──────── Information provided ────────

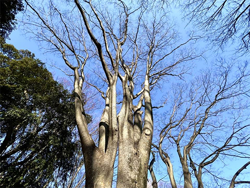 葉が落ちて青空に伸び上がる枝のラインが見え、生命感を感じさせる。この光景に完成作品を重ねてイメージしてみる。
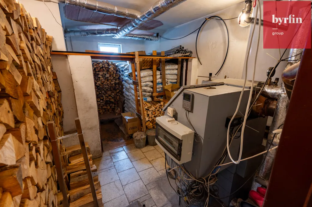garáž pro 2 vozy (za sebou), dílnu, letní kuchyň, kotelnu, prádelnu se sprchou, sklad dřeva a WC.
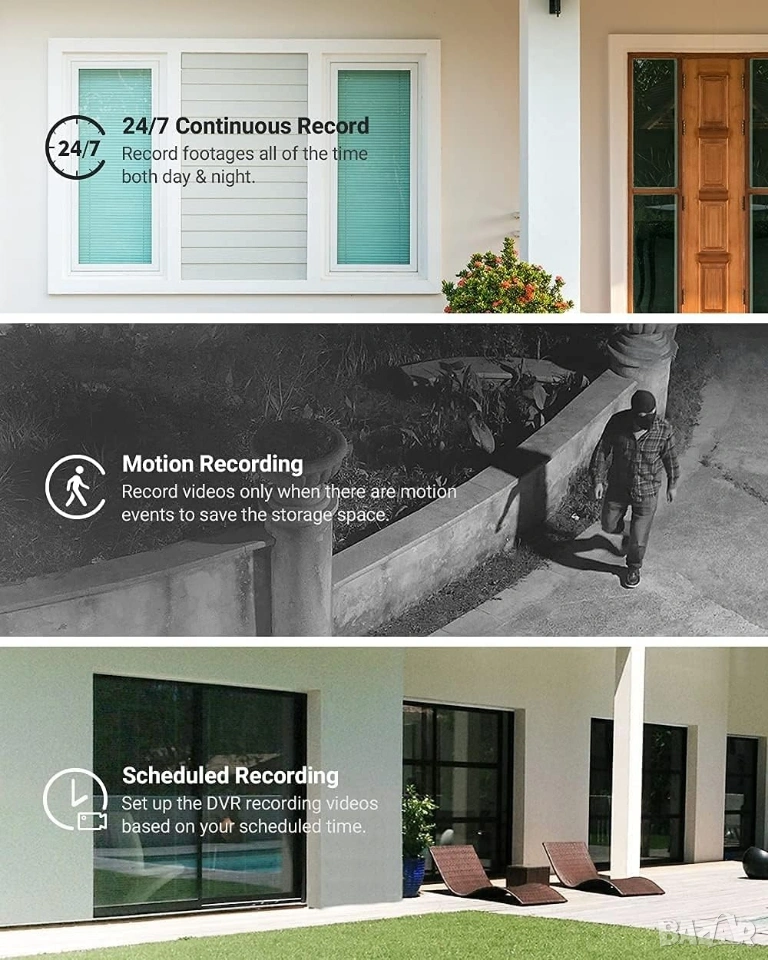 * 5MP Super HD Резолюция: Поддържа запис и възпроизвеждане на видео с висока разделителна способност (до 2592 x 1920), осигурявайки значително по-детайлна картина в сравнение със стандартните 1080p системи.

────────

#### [Work task]
Output everything in the material exactly. Pictures stay out of it.

#### [Answer for this exercise]
 葉が落ちて青空に伸び上がる枝のラインが見え、生命感を感じさせる。この光景に完成作品を重ねてイメージしてみる。
garáž pro 2 vozy (za sebou), dílnu, letní kuchyň, kotelnu, prádelnu se sprchou, sklad dřeva a WC.
 * 5MP Super HD Резолюция: Поддържа запис и възпроизвеждане на видео с висока разделителна способност (до 2592 x 1920), осигурявайки значително по-детайлна картина в сравнение със стандартните 1080p системи.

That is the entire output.